= EXERCISE REQUIREMENTS =
The listing is to be reproduced exactly, excluding its pictures.

= PROVIDED MATERIAL =
>>>
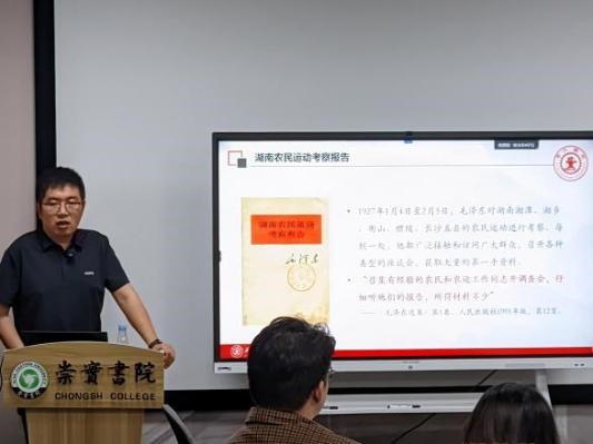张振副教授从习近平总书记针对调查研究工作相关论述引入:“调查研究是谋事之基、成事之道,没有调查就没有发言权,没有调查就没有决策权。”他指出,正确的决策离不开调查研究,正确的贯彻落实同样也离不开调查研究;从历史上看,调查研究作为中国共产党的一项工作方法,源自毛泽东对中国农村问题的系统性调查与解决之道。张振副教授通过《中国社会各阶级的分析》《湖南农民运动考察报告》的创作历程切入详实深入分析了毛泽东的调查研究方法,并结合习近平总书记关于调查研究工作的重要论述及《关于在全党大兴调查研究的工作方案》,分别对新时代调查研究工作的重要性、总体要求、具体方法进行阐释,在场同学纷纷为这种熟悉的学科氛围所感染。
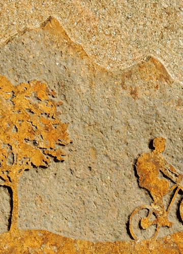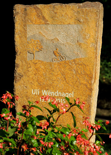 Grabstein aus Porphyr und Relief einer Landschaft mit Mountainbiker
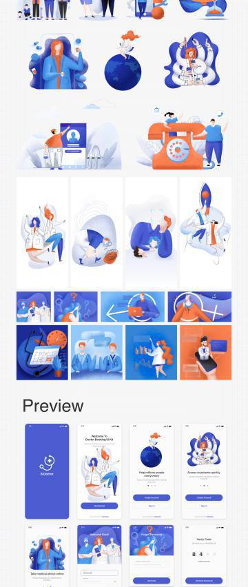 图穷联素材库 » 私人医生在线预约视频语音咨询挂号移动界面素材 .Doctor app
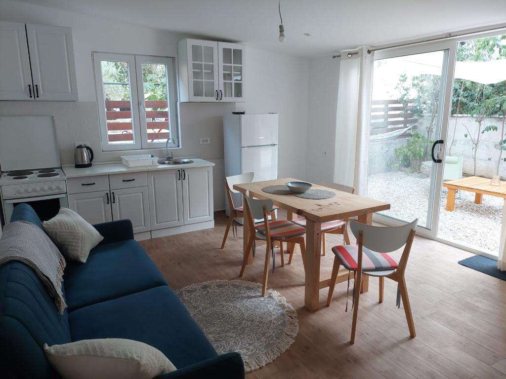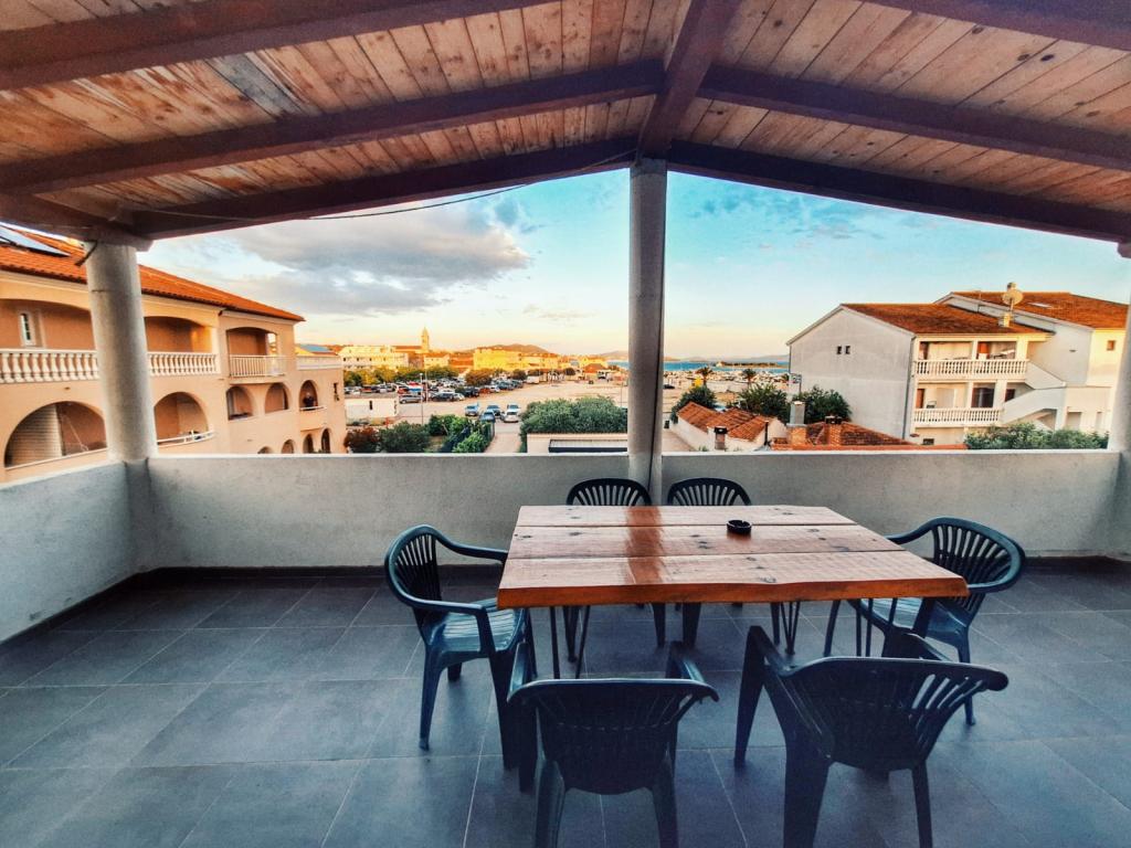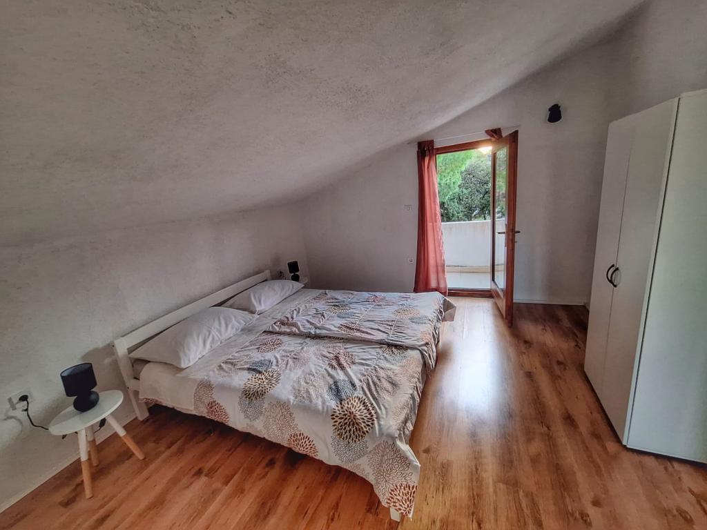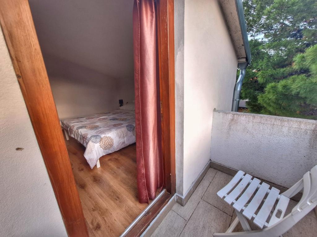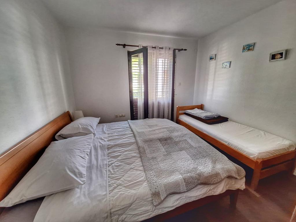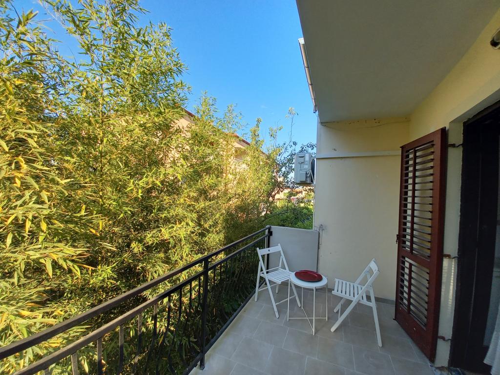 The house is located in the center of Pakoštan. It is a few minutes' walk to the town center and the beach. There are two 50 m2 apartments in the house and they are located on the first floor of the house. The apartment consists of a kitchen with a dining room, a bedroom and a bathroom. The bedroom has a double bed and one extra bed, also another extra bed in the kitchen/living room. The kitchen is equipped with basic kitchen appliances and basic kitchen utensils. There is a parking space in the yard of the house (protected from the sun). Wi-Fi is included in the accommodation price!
<<<
= EXERCISE ANSWER =
张振副教授从习近平总书记针对调查研究工作相关论述引入:“调查研究是谋事之基、成事之道,没有调查就没有发言权,没有调查就没有决策权。”他指出,正确的决策离不开调查研究,正确的贯彻落实同样也离不开调查研究;从历史上看,调查研究作为中国共产党的一项工作方法,源自毛泽东对中国农村问题的系统性调查与解决之道。张振副教授通过《中国社会各阶级的分析》《湖南农民运动考察报告》的创作历程切入详实深入分析了毛泽东的调查研究方法,并结合习近平总书记关于调查研究工作的重要论述及《关于在全党大兴调查研究的工作方案》,分别对新时代调查研究工作的重要性、总体要求、具体方法进行阐释,在场同学纷纷为这种熟悉的学科氛围所感染。
 Grabstein aus Porphyr und Relief einer Landschaft mit Mountainbiker
 图穷联素材库 » 私人医生在线预约视频语音咨询挂号移动界面素材 .Doctor app
 The house is located in the center of Pakoštan. It is a few minutes' walk to the town center and the beach. There are two 50 m2 apartments in the house and they are located on the first floor of the house. The apartment consists of a kitchen with a dining room, a bedroom and a bathroom. The bedroom has a double bed and one extra bed, also another extra bed in the kitchen/living room. The kitchen is equipped with basic kitchen appliances and basic kitchen utensils. There is a parking space in the yard of the house (protected from the sun). Wi-Fi is included in the accommodation price!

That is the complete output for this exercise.